> _Exercise material_:

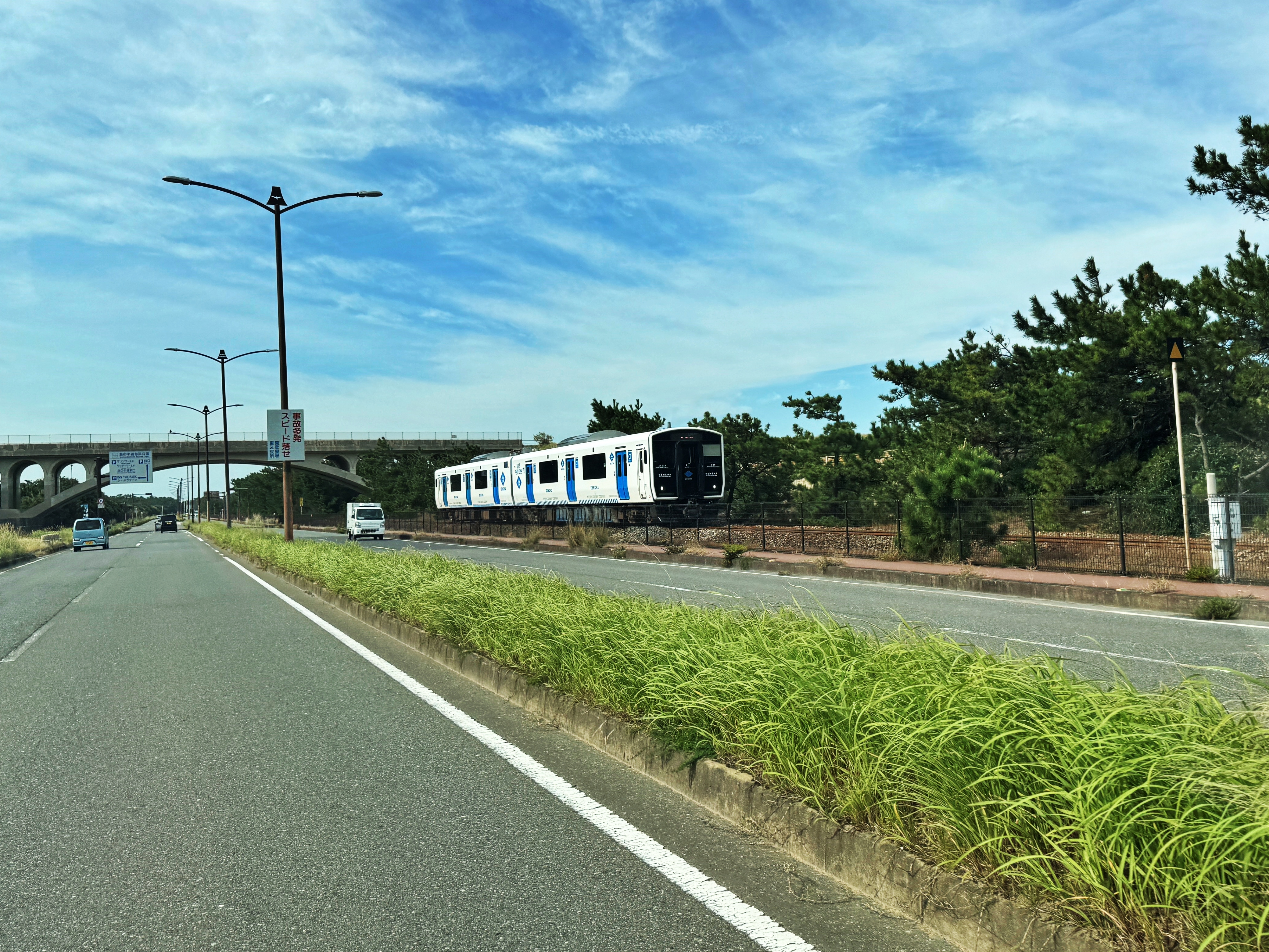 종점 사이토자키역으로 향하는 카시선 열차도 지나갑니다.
* * *
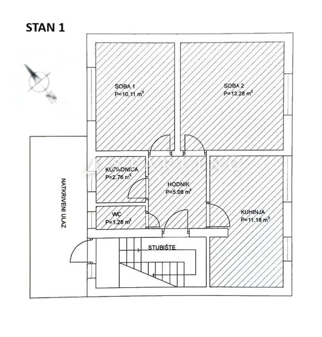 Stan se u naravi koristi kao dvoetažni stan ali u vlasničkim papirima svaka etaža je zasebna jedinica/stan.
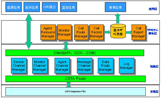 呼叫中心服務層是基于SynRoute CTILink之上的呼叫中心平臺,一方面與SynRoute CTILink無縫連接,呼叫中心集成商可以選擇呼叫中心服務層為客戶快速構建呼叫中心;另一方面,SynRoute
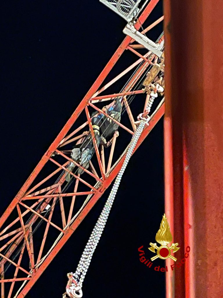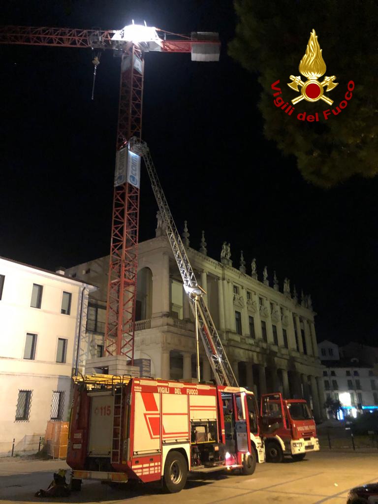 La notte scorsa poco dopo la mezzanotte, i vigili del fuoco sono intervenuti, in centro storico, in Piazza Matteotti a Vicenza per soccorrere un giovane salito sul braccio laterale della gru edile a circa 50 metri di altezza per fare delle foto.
---
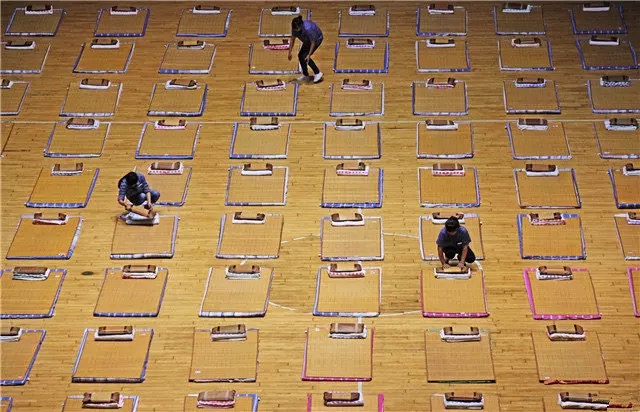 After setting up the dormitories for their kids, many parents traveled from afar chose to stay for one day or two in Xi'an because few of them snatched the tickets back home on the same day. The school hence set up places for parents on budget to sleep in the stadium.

> _How to complete this task_: Copy everything above from the line holding "Stan se u naravi" down to the line holding "La notte scorsa", both ends included, exactly as it stands and without the pictures.

> _Solution to this task_:
 Stan se u naravi koristi kao dvoetažni stan ali u vlasničkim papirima svaka etaža je zasebna jedinica/stan.
 呼叫中心服務層是基于SynRoute CTILink之上的呼叫中心平臺,一方面與SynRoute CTILink無縫連接,呼叫中心集成商可以選擇呼叫中心服務層為客戶快速構建呼叫中心;另一方面,SynRoute
 La notte scorsa poco dopo la mezzanotte, i vigili del fuoco sono intervenuti, in centro storico, in Piazza Matteotti a Vicenza per soccorrere un giovane salito sul braccio laterale della gru edile a circa 50 metri di altezza per fare delle foto.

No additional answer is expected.